Uganda’s economy is not “creating excellent jobs.”
According to a recent analysis by the National Planning Authority, Uganda’s consistent economic growth of 5.4 percent over the last two decades has had no influence on enhancing the quality of employment available in the market.
“The working-age population increased from 16.5 million in 2012-13 to 19.1 million in 2016-17,” according to the study.
According to the research, 700,000 individuals join the labor force each year, but only approximately 238,000, or 34%, get hired. According to the World Bank, this figure is predicted to climb to almost one million every year between 2030 and 2040.
“However, the work quality is poor. “Waged labor employs just one in every five employees, yet outside of agriculture, waged work employs over half of the workforce,” according to the research.
According to the International Monetary Fund, Uganda’s economy would increase at 3.8 percent in the fiscal year 2021/2022, down from 4.3 percent previously projected, due to the consequences of Covid-19.
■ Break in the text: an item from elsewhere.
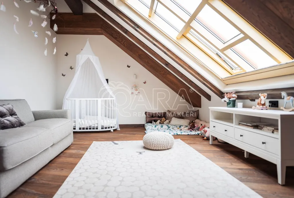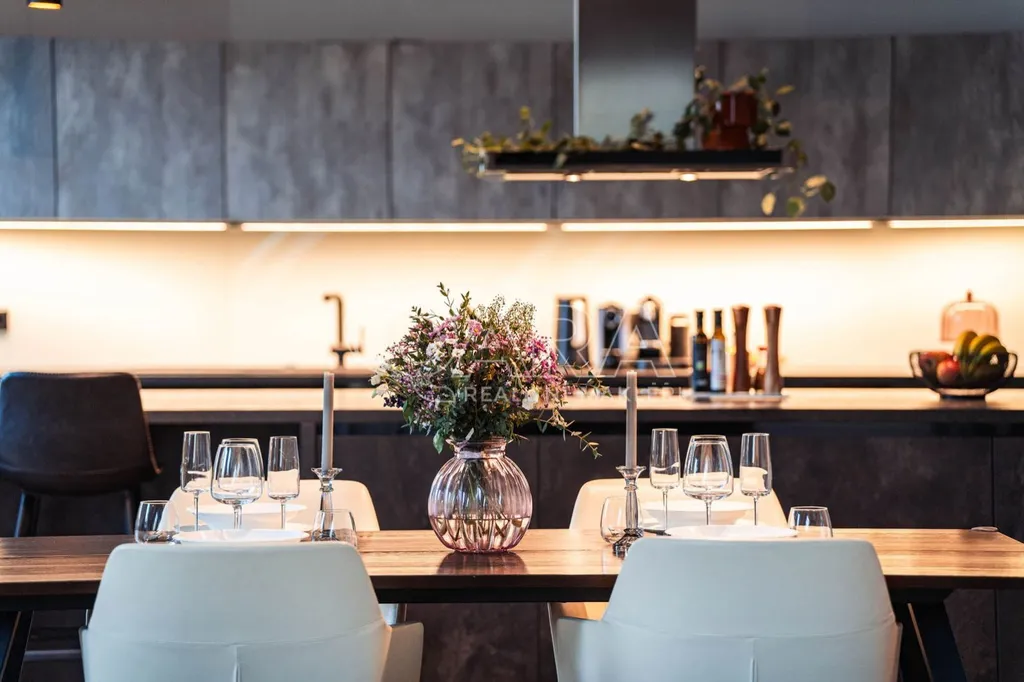 Dominantou bytu je mimořádně prostorný obývací pokoj, přirozeně propojený s plně vybavenou kuchyní a elegantní jídelnou. Dispozice zahrnuje hlavní ložnici, dětský pokoj, pokoj pro hosty, další pokoj, dvě samostatné šatny a tři komfortní koupelny každá s kvalitním vybavením, vanou či sprchovým koutem. Velkorysá vstupní hala nabízí nadstandardní úložné prostory díky vestavěným skříním.

According to Uganda Bureau of Statistics data, 77 percent of the projected 45 million inhabitants are under the age of 25. According to the statistics, the unemployment rate for young people aged 15 to 24 in Uganda is 83 percent.
According to the World Bank research, this percentage “is significantly greater for individuals with formal degrees and who reside in metropolitan areas.”
Dr. Joseph Muvawala, executive director of the National Planning Authority, said in a study released on Tuesday that the working-age population is expanding faster than economic growth.
“In order to generate increasing demand for labor, the National Development Plan III job creation strategy must concentrate on growing and diversifying economic development while preserving macroeconomic stability,” he stated.
According to him, the majority of these employment will be in the service industry, with the trade sector providing the most.
However, the majority of trade employment will be in petty trade, which includes the informal sector such as vending, supply, and transportation, and will be performed by semi-skilled workers. University graduates will continue to have difficulties in finding work.